• [The task]: Within the entries below, output exactly the lines between the line containing "Nossas condolências à" and the line containing "This add-on of", inclusive, and omit any picture.

-----

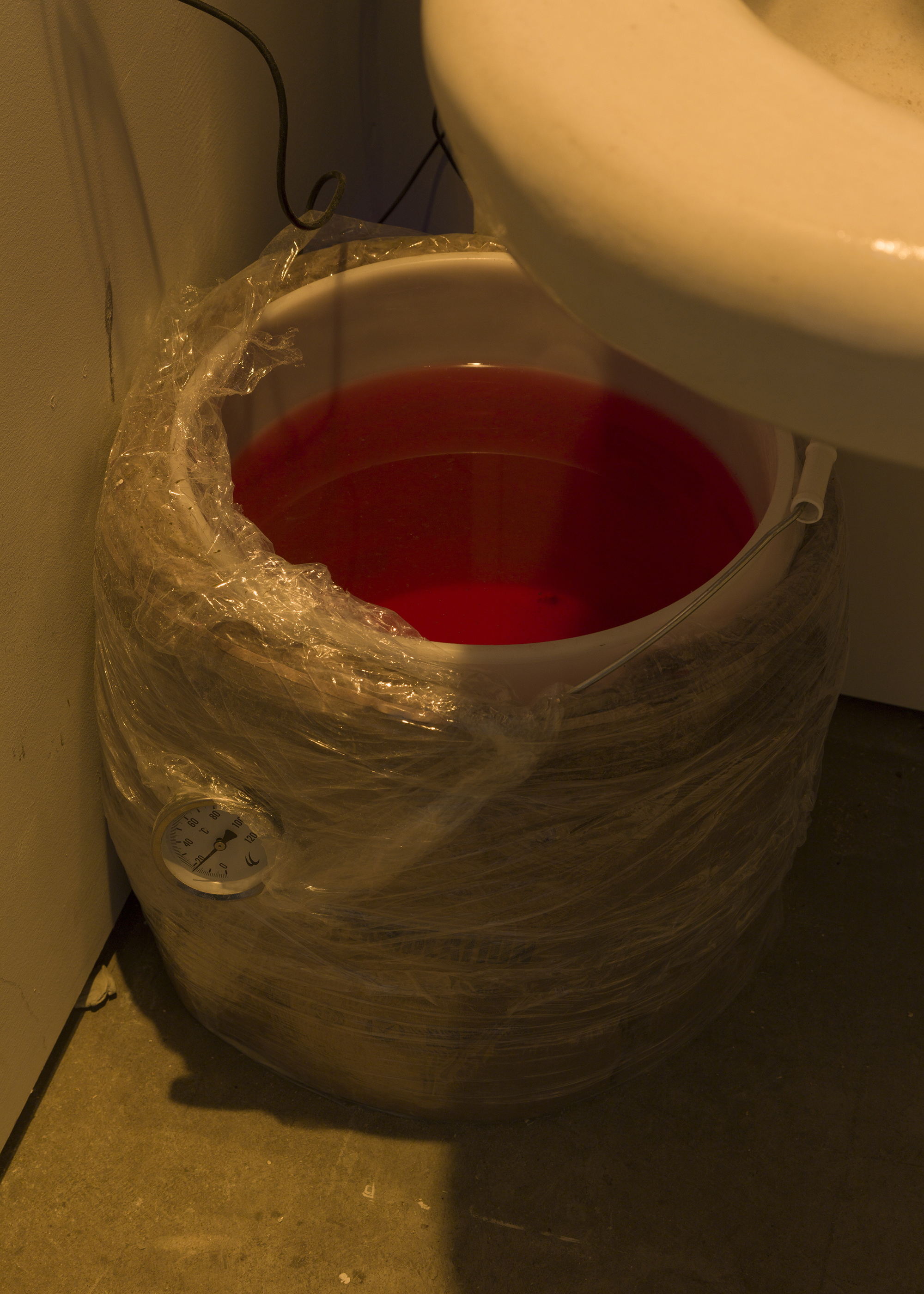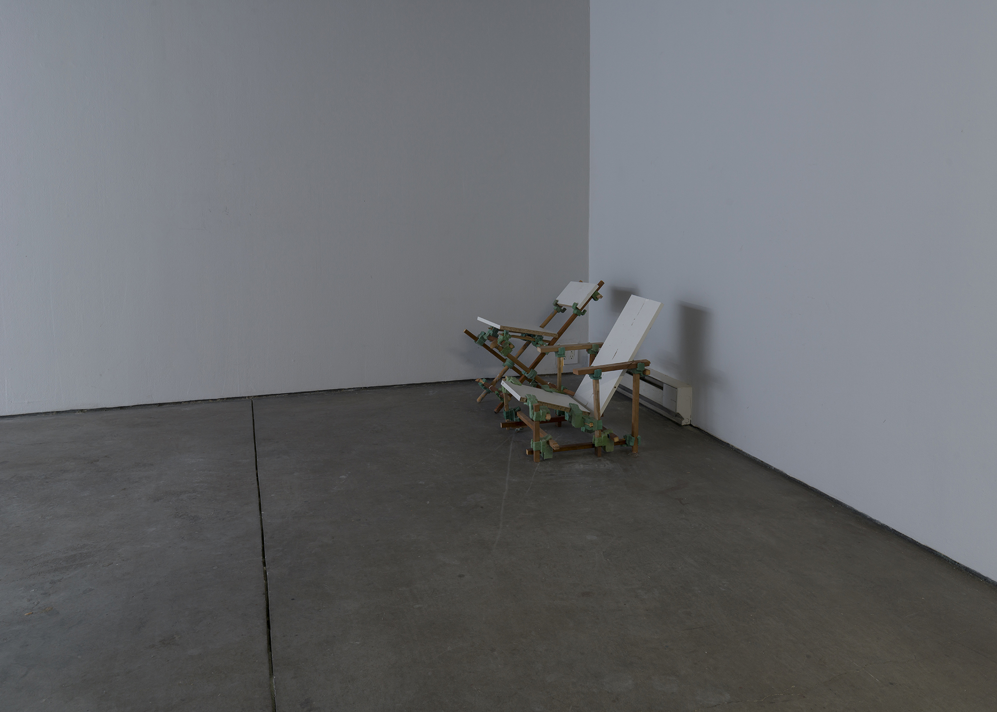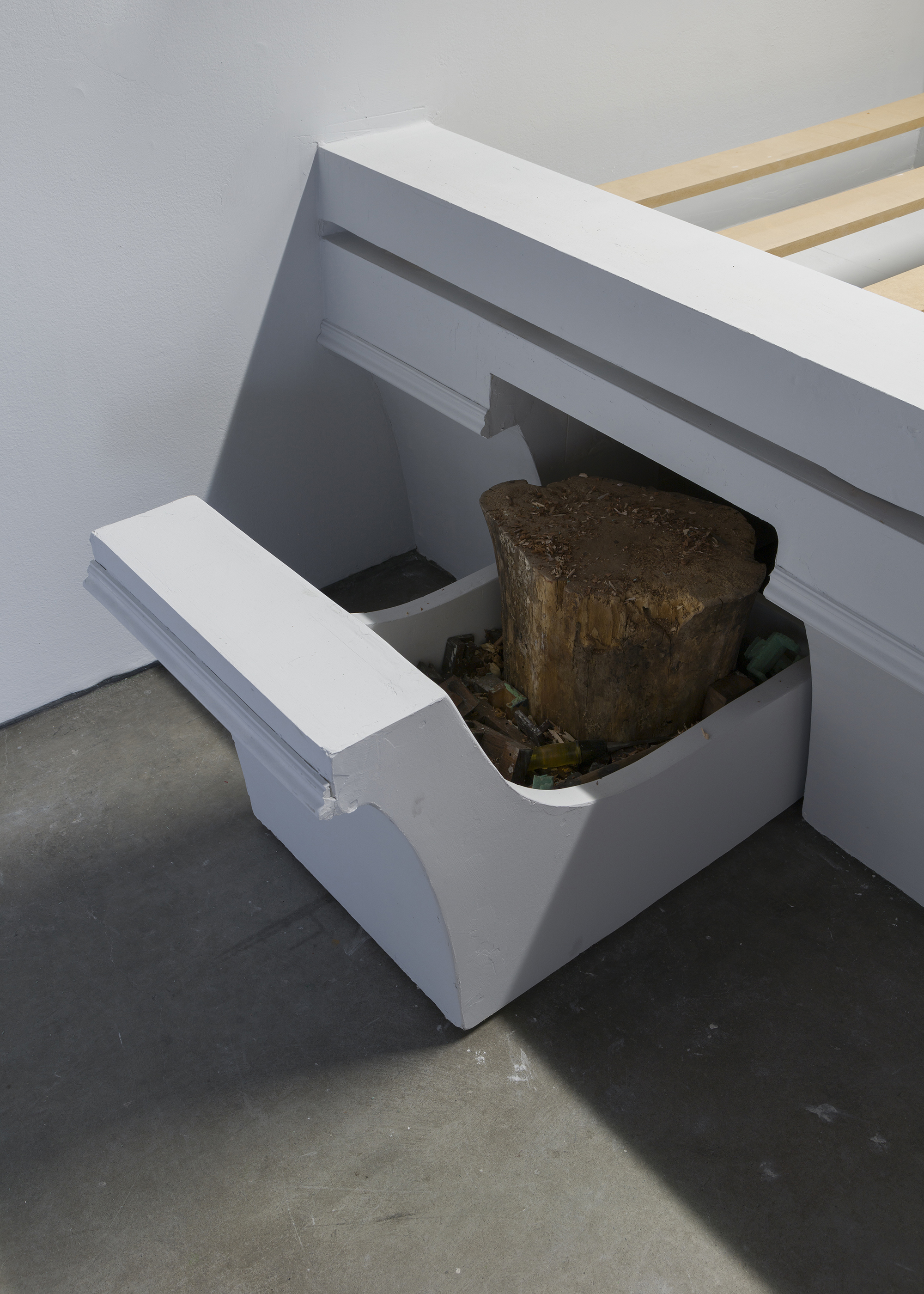 Vacuum lamp; bed-bath furniture; Rietveld and folding chair found wood facsimiles; drawer; cast urethane fittings; carved hardwood molds; tree stump; boiler room with homelab, ceramic sink, ethylene glycol, and bucket; empty phone.
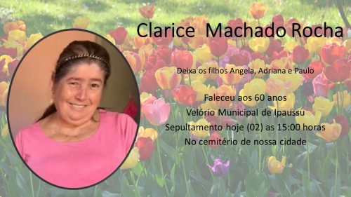 Nossas condolências à família de Clarice. Que todos encontrem forças e apoio mútuo para lidar com essa perda tão dolorosa. Que a memória de Clarice seja sempre lembrada com carinho e amor.
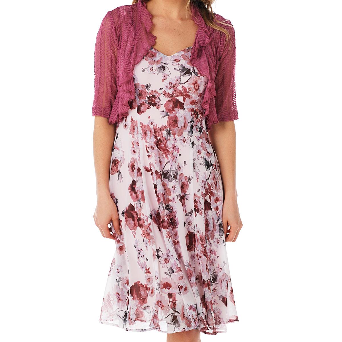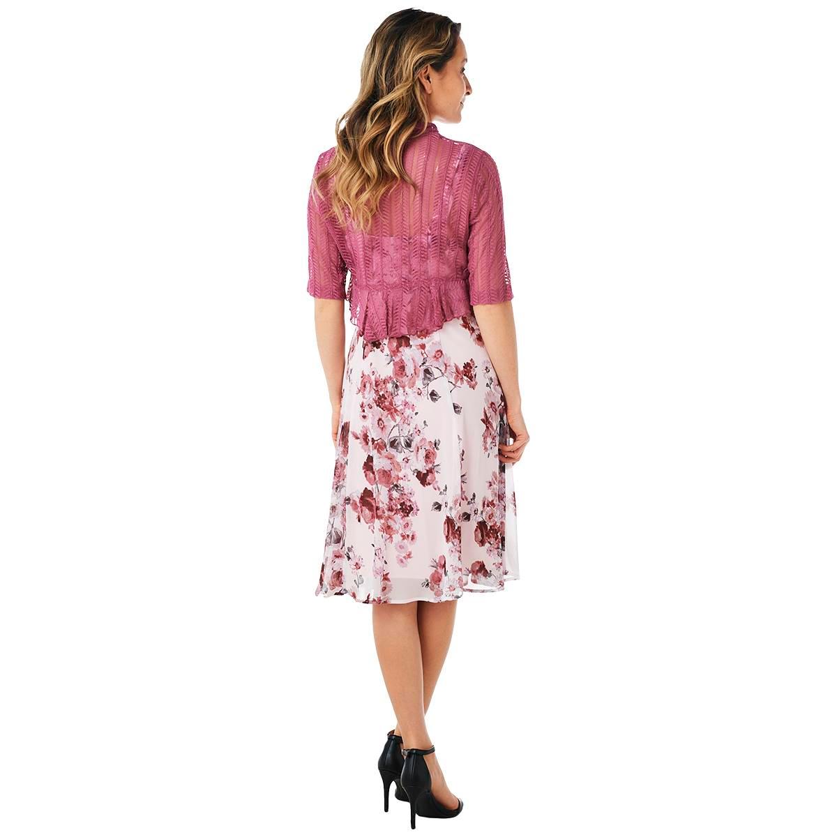 Petite Connected Apparel Crochet Jacket Floral Shift Dress
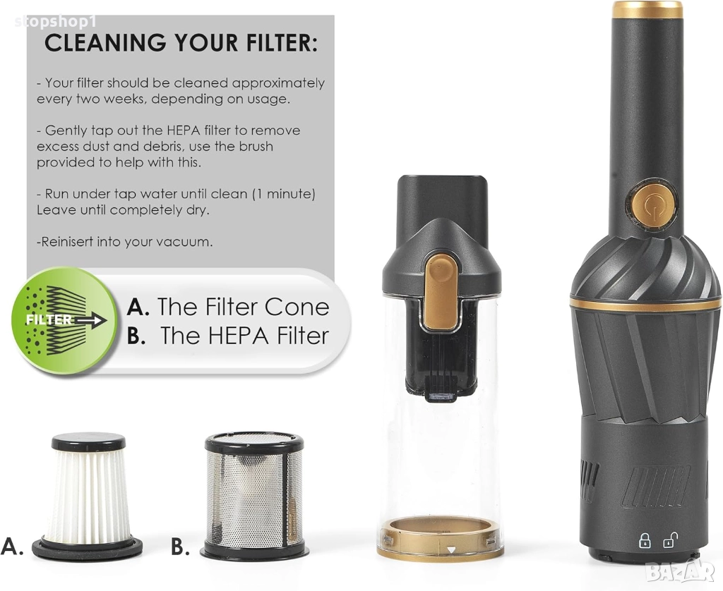 Ръчна прахосмукачка Beldray BEL01096 Airlite – Акумулаторна безжична прахосмукачка, лека преносима мини прахосмукачка за кола, основа за съхранение/зареждане на плот, HEPA филтър, 11.1 V, 2 настройки на скоростта, графит
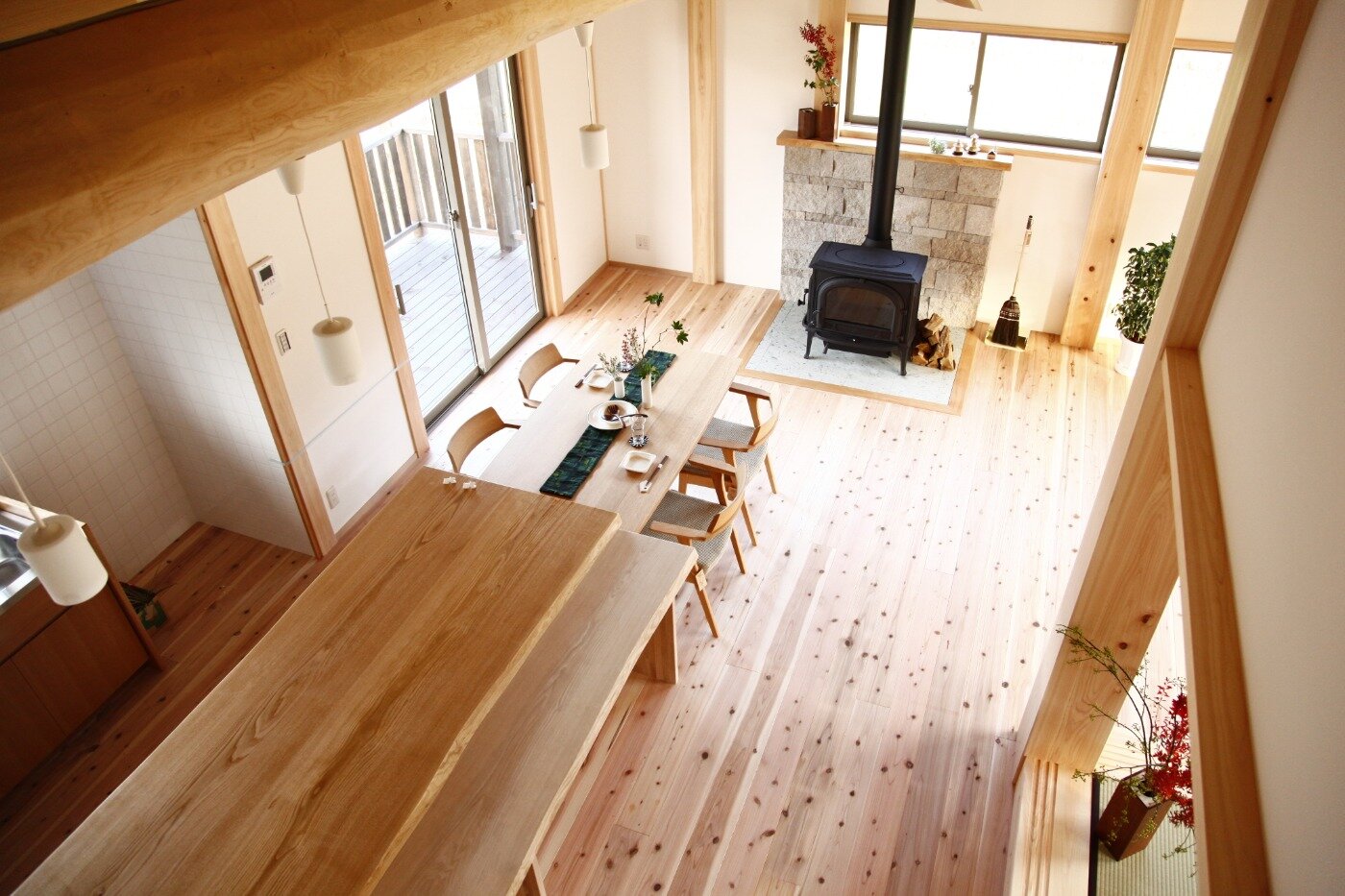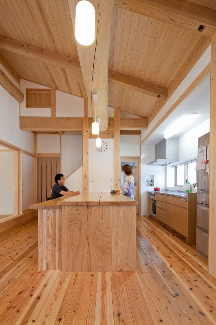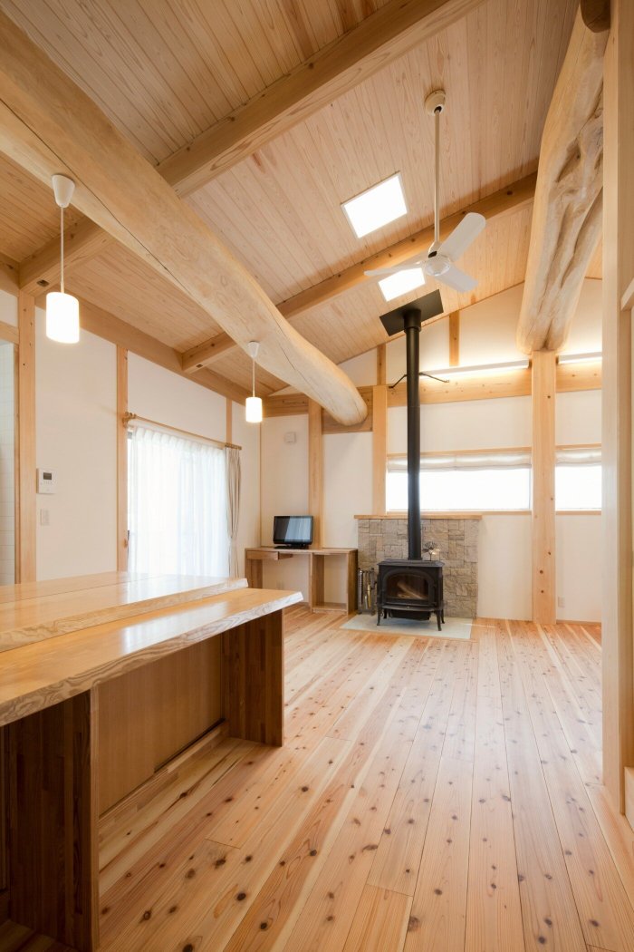 かさはら伐採チームが採取した山の木は、土台・柱・梁・天板など、あらゆる箇所に使用させて頂きました。
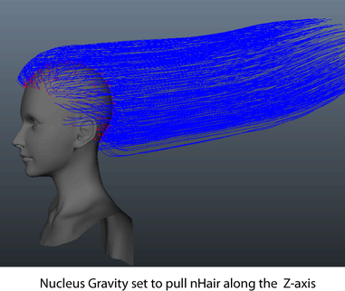 To control how the hair style reacts to forces, like Nucleus gravity, or how it collides with other Nucleus objects, such as the face, scalp, neck, or shoulders of a model, set:
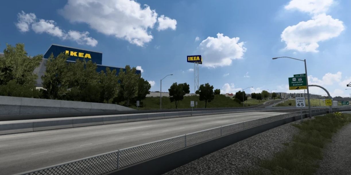 This add-on of our popular real companies, gas stations & billboards mod will go further where the Steam limitations can take us. In the initial release we have decreased the number of Walmart’s by changing them to Target and Swift depots. This means Target and Swift won’t be just in the Texas DLC anymore. It also opens the door to add regional supermarkets in the future. Also in the initial release is IKEA. We took the ETS2 prefab and placed in ATS. There are about 9 depots, all in the cities we’re they are in real-life. Last, but not least, we opened up some landmarks to deliver to. You can now go to several stadiums, convention centers and maybe even a festivalground. For this mod, the Texas & Colorado DLC’s are required!
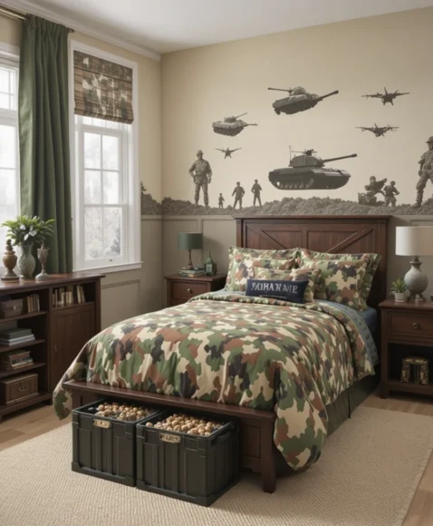 A military-themed bedroom appeals to boys fascinated by action and strategy. Camouflage bedding, wall decals of tanks or jets, and toy soldiers make the space exciting. Neutral wall colors like beige or green give a realistic feel, and storage bins shaped like crates can keep toys organized while enhancing the theme.
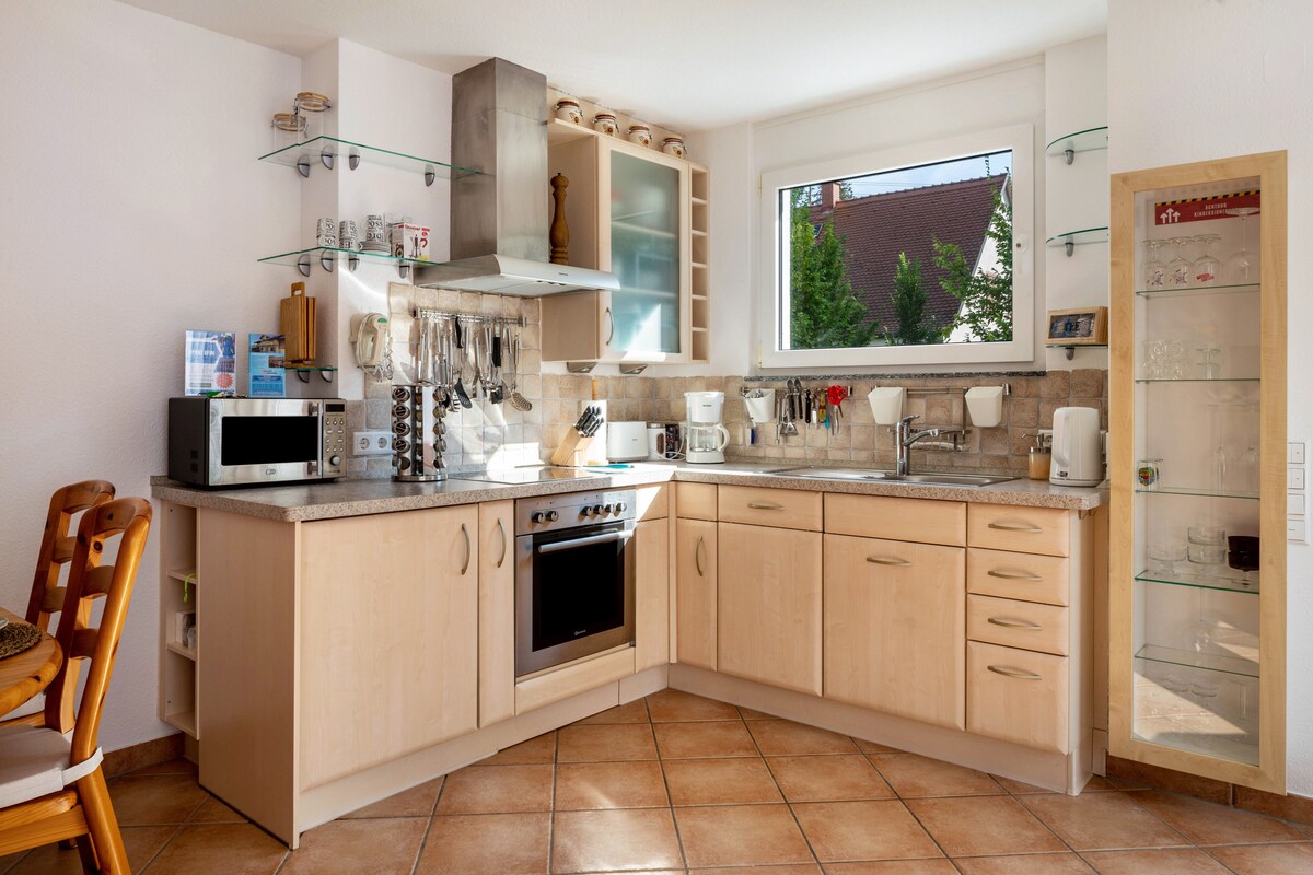 Casa noastră cu priveliști minunate este situată în Winzerdörfchen Betberg. În dormitor e un pat dublu, în living, o canapea extensibilă oferă încă 2 locuri de dormit. Bucătăria noastră este complet utilată. Există o cadă cu duș și o toaletă pentru oaspeți. Mașina de spălat este la subsol. Parcarea este la casă, în port există spațiu pentru biciclete. Există un grătar și un vas pentru foc. Excursiile includ: Pădurea Neagră, Basel, Colmar, Europapark Rust
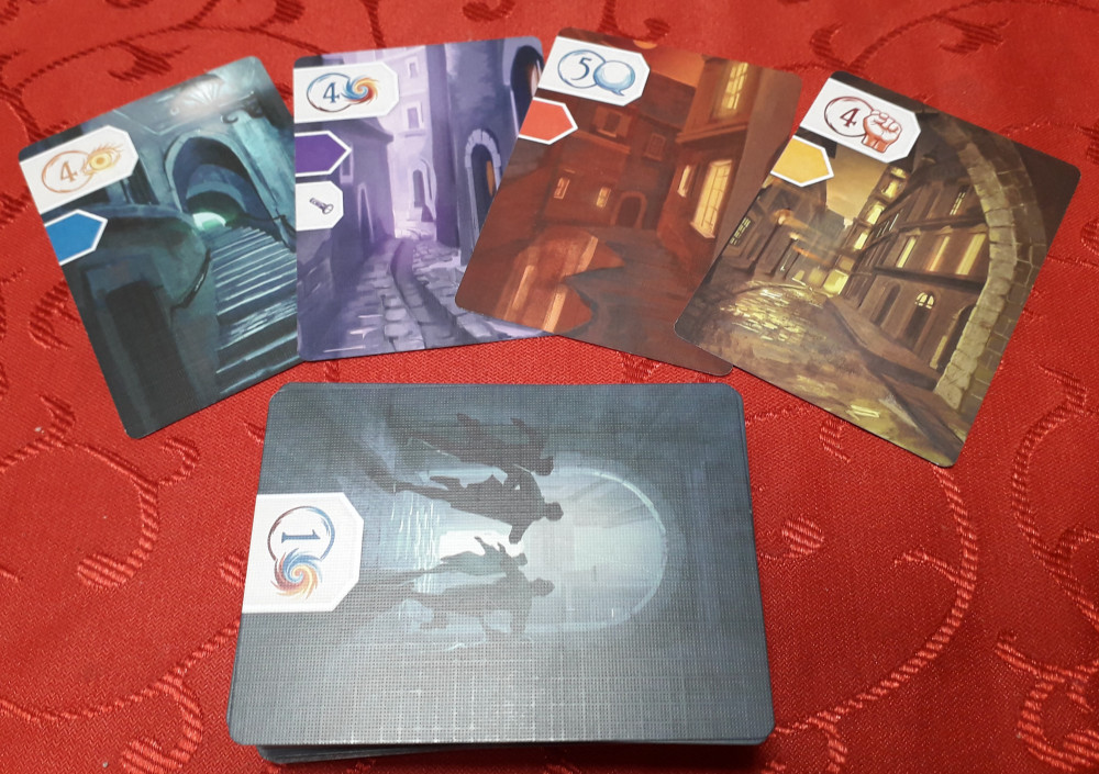 Im Einführungsszenario lernen wir die Bewegungen der schnellen Pfeile - es spielen immer alle fünf mit, egal wie viele Spieler in Prag mit dabei sind - und jene der feindlichen Vont-Gruppen kennen. Gelbe Straßen sind mit gelben Karten zu passieren, rote mit roten Karten. Die fünf Geheimgänge (lila) sind für uns erst passierbar, wenn das Schloss als Symbol für "unpassierbar" durch eine Karte mit Taschenlampe entfernt wurde. Die Vonts dürfen die Geheimgänge natürlich immer passieren. Sie kennen sich in Severton bestens aus, wir sind die Neulinge und verdächtig und dementsprechend ist Vorsicht geboten. Es macht (meistens) durchaus Sinn, den Vonts auszuweichen. Leider weiß man nicht, welche Fähigkeiten die vier bis sechs streunenden Vonts-Gruppen haben.

-----

• [Task answer]:
 Nossas condolências à família de Clarice. Que todos encontrem forças e apoio mútuo para lidar com essa perda tão dolorosa. Que a memória de Clarice seja sempre lembrada com carinho e amor.
 Petite Connected Apparel Crochet Jacket Floral Shift Dress
 Ръчна прахосмукачка Beldray BEL01096 Airlite – Акумулаторна безжична прахосмукачка, лека преносима мини прахосмукачка за кола, основа за съхранение/зареждане на плот, HEPA филтър, 11.1 V, 2 настройки на скоростта, графит
 かさはら伐採チームが採取した山の木は、土台・柱・梁・天板など、あらゆる箇所に使用させて頂きました。
 To control how the hair style reacts to forces, like Nucleus gravity, or how it collides with other Nucleus objects, such as the face, scalp, neck, or shoulders of a model, set:
 This add-on of our popular real companies, gas stations & billboards mod will go further where the Steam limitations can take us. In the initial release we have decreased the number of Walmart’s by changing them to Target and Swift depots. This means Target and Swift won’t be just in the Texas DLC anymore. It also opens the door to add regional supermarkets in the future. Also in the initial release is IKEA. We took the ETS2 prefab and placed in ATS. There are about 9 depots, all in the cities we’re they are in real-life. Last, but not least, we opened up some landmarks to deliver to. You can now go to several stadiums, convention centers and maybe even a festivalground. For this mod, the Texas & Colorado DLC’s are required!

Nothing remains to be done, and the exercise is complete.